### [Records for the exercise]
..............................

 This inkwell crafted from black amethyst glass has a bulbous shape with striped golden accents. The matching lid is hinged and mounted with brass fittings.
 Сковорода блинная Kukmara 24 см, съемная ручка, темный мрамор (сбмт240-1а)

..............................

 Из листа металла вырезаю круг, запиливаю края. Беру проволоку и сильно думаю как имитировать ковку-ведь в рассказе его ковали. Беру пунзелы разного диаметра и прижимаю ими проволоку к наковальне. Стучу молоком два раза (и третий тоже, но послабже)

..............................

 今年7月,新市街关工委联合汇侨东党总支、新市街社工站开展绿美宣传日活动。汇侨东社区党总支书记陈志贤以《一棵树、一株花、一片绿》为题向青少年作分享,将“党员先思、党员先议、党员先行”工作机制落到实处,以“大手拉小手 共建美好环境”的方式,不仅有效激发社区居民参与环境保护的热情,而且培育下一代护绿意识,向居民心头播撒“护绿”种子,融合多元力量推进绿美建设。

..............................

### [Your task]
The stretch of entries above that starts with the line containing "This inkwell crafted" and goes on through the line containing "Сковорода блинная Kukmara" is to be transcribed exactly, and no other line is to be transcribed.

### [Solution]
 This inkwell crafted from black amethyst glass has a bulbous shape with striped golden accents. The matching lid is hinged and mounted with brass fittings.
 Сковорода блинная Kukmara 24 см, съемная ручка, темный мрамор (сбмт240-1а)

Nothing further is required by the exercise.